Proof. We prove the contrapositive. Suppose that the greedy algorithm uses color $m+1$ at some point. In particular, the vertex that received color $m+1$ must have had neighbors already given colors $1$ through $m$, or else it would have used those colors. Therefore colors $1, 2, \dots, m+1$ all appear in the output on at least one vertex.

More generally, a vertex given color $k \le m+1$ must have had neighbors already given colors $1$ through $k-1$. In particular, for each pair $(j,k)$ with $1 \le j < k \le m+1$, the vertex given color $k$ must have a neighbor given color $j$. So for every such pair of colors $(j,k)$, the graph must have an edge with those colors on its endpoints.

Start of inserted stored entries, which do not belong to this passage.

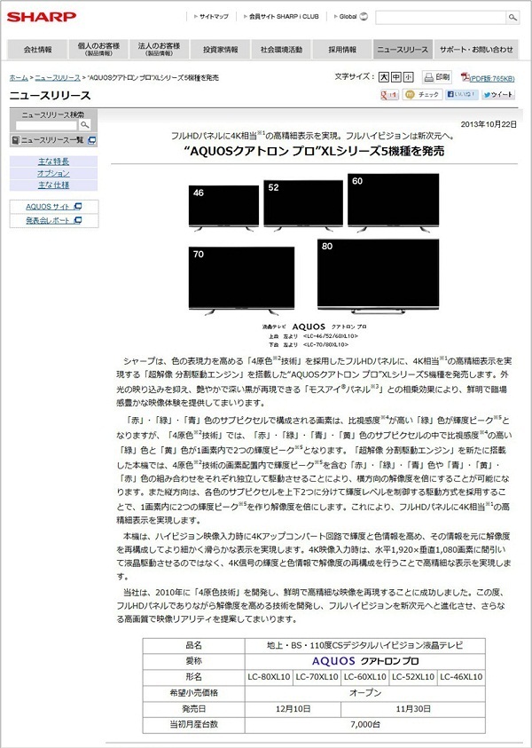 <ニュースリリースサイト AQUOSリリースページ>イメージ
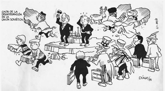 En la Figura 14, Díaz logra captar el sentimiento de desmoronamiento e incertidumbre. En el dibujo, Gorbachov mira como diversas personas toman trozos de su territorio y corren en direcciones opuestas: La URSS había sido desmembrada. Adicionalmente el Tío Sam y el Reino Unido identificados con las banderas y la iconografía usual, esperan su turno para reclamar los trozos de la antigua Unión Soviética. El mismo Gorbachov reacciona con sorpresa ante la escena donde se resquebraja su nación. En otra caricatura, Díaz hace otro comentario sagaz: en la Figura 15, Gorbachov mismo se trae abajo el Kremlin. Mientras tanto, atrás Reagan y Bush miran con maravilla como se cae el edificio y con este, el busto de Lenin. El líder ruso lo tumbó con un mazo que sostiene con la mano izquierda, mientras se come una hamburguesa con la mano derecha.
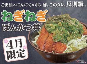 4月の期間限定かつ丼は「ねぎねぎぽんかつ丼」! 食欲そそるにんにくとごま油の香りに、あっさりとした酸味をポン酢でプラスし、カットしたねぎを和えて食感をプラス!食べたら分かる、美味しいやつ!!😋 トッピングに「ねぎダレ大盛…続きを読む

There are $\binom{m+1}{2}$ such pairs $(j,k)$, so the graph must have at least $\binom{m+1}{2}$ edges.

Fact 2. Even left to itself, the greedy algorithm will never exceed the NCC limit: a vertex with $d$ neighbors will never be given a color greater than $d+1$.

Proof. A vertex with $d$ neighbors will be given the first color that does not appear on its already-colored neighbors. This eliminates at most $d$ options, so at least one of the colors $1, 2, \dots, d+1$ will be valid.


As a result, the BPC and NCC computations do not affect the algorithm: they place upper bounds on the greedy algorithm that the greedy algorithm is already incapable of violating. Therefore the backtracking in the code snippet quoted above will never occur: GraphColoringUtil simply never returns false.

As a result, the algorithm is equivalent to the greedy algorithm, and suffers from the same problems: sometimes it gives a suboptimal coloring.